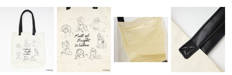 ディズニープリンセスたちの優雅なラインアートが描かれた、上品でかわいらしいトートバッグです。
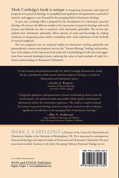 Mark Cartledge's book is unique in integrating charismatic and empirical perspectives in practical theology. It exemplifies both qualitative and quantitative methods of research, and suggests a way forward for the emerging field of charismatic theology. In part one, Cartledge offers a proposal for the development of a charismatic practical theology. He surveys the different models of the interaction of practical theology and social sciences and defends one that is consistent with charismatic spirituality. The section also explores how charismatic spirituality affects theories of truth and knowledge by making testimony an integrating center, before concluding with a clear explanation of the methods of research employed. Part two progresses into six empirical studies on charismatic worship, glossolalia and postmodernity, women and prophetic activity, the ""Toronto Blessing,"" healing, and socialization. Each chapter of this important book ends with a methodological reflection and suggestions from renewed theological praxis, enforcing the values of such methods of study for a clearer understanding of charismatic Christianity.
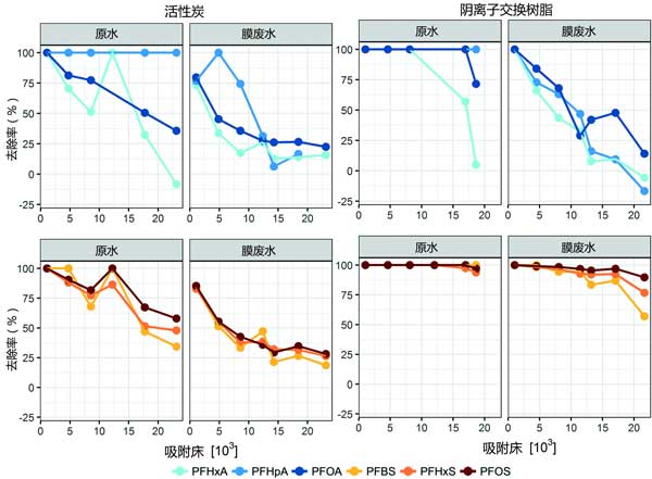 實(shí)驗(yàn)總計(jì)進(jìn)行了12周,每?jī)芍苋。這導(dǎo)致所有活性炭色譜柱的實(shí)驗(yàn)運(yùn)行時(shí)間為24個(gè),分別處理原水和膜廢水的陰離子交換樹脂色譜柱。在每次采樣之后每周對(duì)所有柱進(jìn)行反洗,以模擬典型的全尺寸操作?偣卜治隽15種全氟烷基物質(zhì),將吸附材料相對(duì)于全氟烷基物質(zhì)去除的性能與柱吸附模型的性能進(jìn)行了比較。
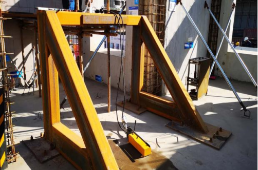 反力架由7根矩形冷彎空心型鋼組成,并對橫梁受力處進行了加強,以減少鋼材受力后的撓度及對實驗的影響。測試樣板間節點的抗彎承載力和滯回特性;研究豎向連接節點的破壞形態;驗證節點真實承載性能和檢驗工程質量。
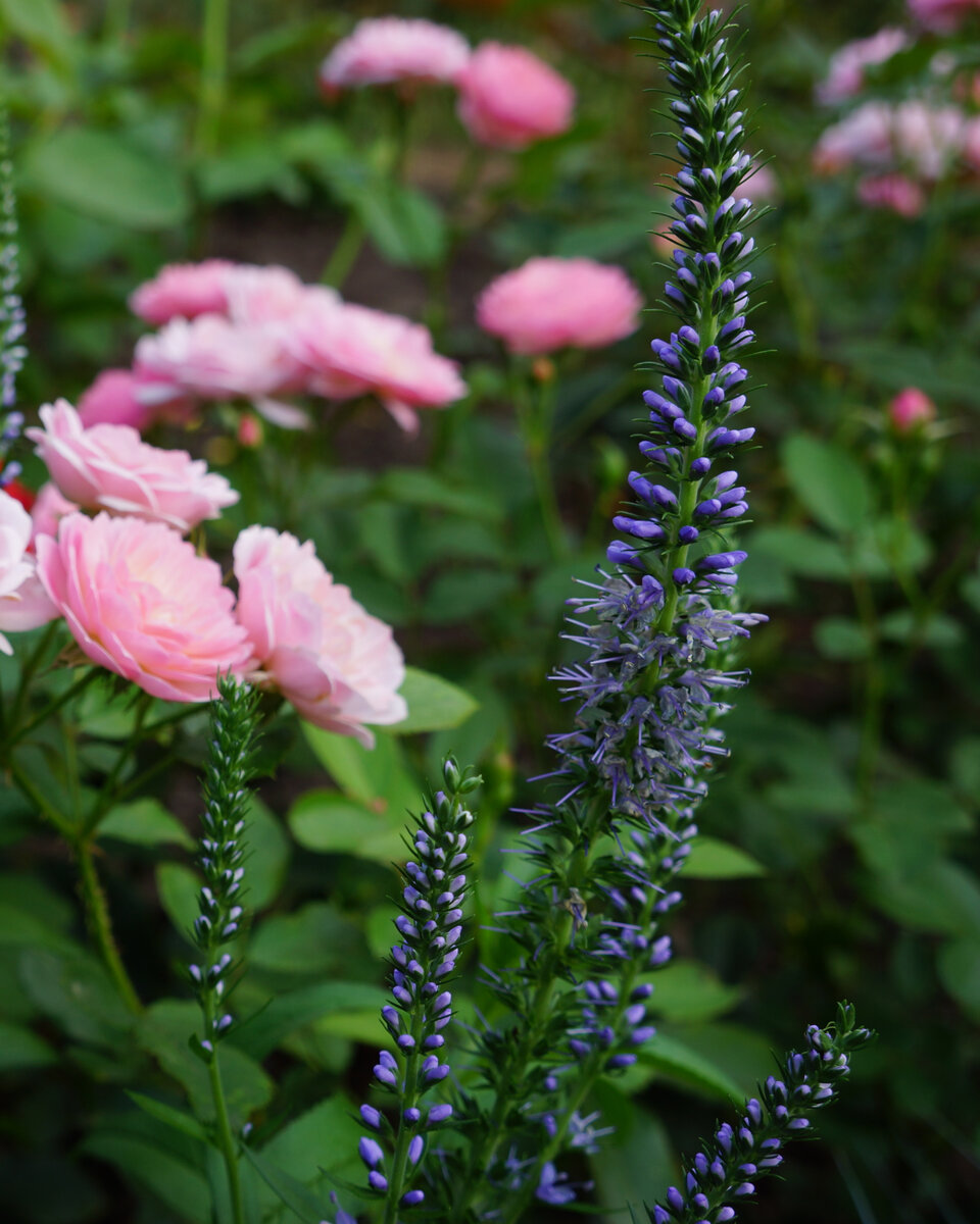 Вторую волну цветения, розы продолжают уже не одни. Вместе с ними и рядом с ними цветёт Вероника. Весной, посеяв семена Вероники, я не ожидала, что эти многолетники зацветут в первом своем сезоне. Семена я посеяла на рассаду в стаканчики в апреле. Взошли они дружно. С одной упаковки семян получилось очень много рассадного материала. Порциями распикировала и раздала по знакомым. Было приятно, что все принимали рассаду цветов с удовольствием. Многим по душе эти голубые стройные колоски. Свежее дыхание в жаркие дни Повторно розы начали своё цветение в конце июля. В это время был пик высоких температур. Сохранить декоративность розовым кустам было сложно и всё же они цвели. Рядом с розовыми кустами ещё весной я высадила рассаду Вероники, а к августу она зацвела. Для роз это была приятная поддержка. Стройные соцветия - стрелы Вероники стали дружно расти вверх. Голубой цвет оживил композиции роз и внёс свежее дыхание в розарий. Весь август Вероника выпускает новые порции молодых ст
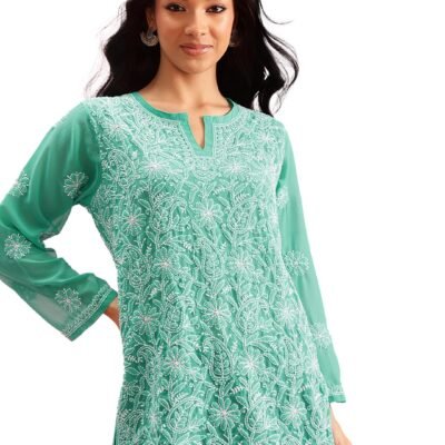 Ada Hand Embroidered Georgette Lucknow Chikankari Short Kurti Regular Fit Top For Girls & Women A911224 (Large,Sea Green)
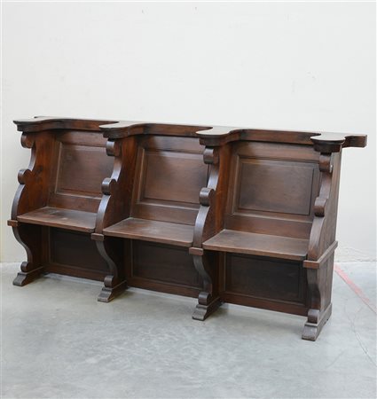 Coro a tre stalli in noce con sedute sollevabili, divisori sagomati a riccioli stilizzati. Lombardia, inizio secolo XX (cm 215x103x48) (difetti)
----------------------------------------
Work required → Leaving out the pictures, return exactly the lines from the one that contains "Ada Hand Embroidered" through the last line of the records above, inclusive.

Output of the task →
 Ada Hand Embroidered Georgette Lucknow Chikankari Short Kurti Regular Fit Top For Girls & Women A911224 (Large,Sea Green)
 Coro a tre stalli in noce con sedute sollevabili, divisori sagomati a riccioli stilizzati. Lombardia, inizio secolo XX (cm 215x103x48) (difetti)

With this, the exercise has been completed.